• _RECORDS PROVIDED_
* * *
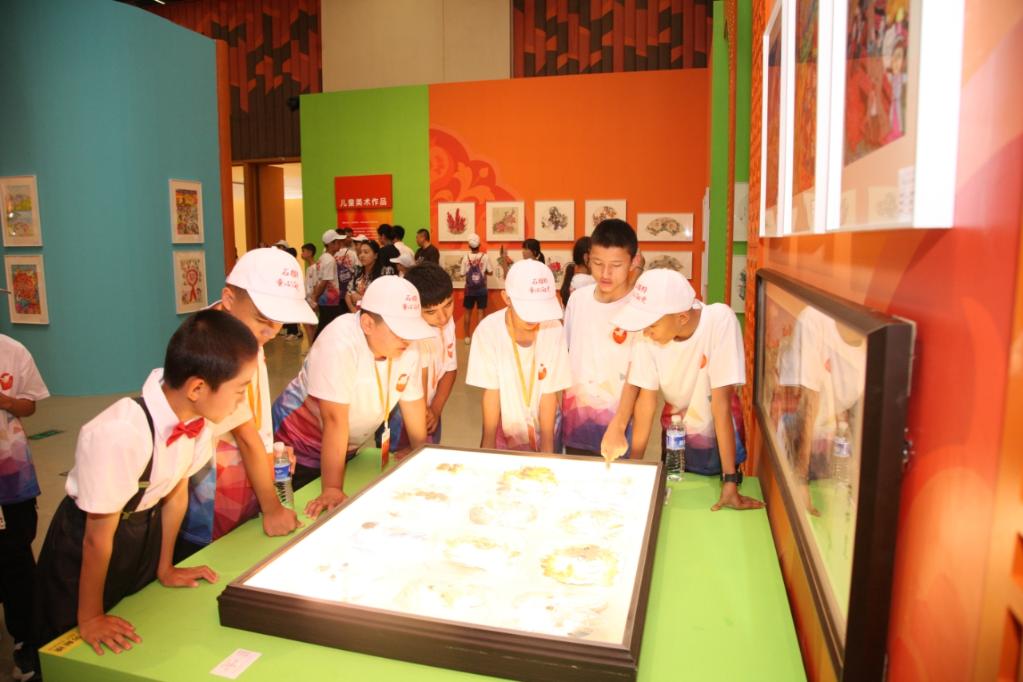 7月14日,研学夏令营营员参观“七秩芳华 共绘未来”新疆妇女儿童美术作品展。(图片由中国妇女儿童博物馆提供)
* * *
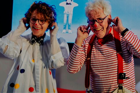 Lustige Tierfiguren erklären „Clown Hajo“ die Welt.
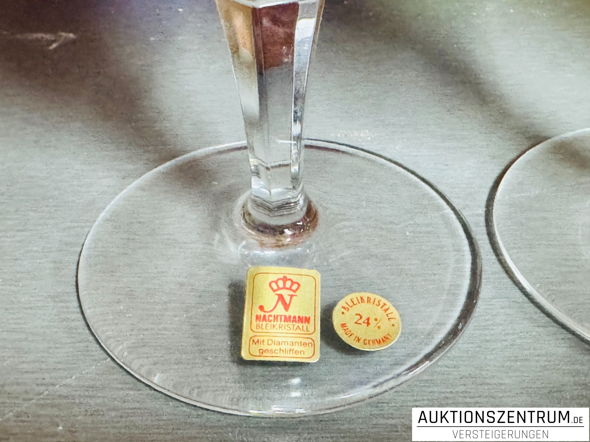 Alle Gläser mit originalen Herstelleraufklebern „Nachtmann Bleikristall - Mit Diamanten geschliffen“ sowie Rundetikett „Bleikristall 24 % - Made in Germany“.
* * *
• _EXERCISE PROMPT_
Everything between and including the line above containing "Lustige Tierfiguren erklären" and the line containing "Alle Gläser mit" should be reproduced exactly, with pictures excluded.

• _SOLUTION_
 Lustige Tierfiguren erklären „Clown Hajo“ die Welt.
 Alle Gläser mit originalen Herstelleraufklebern „Nachtmann Bleikristall - Mit Diamanten geschliffen“ sowie Rundetikett „Bleikristall 24 % - Made in Germany“.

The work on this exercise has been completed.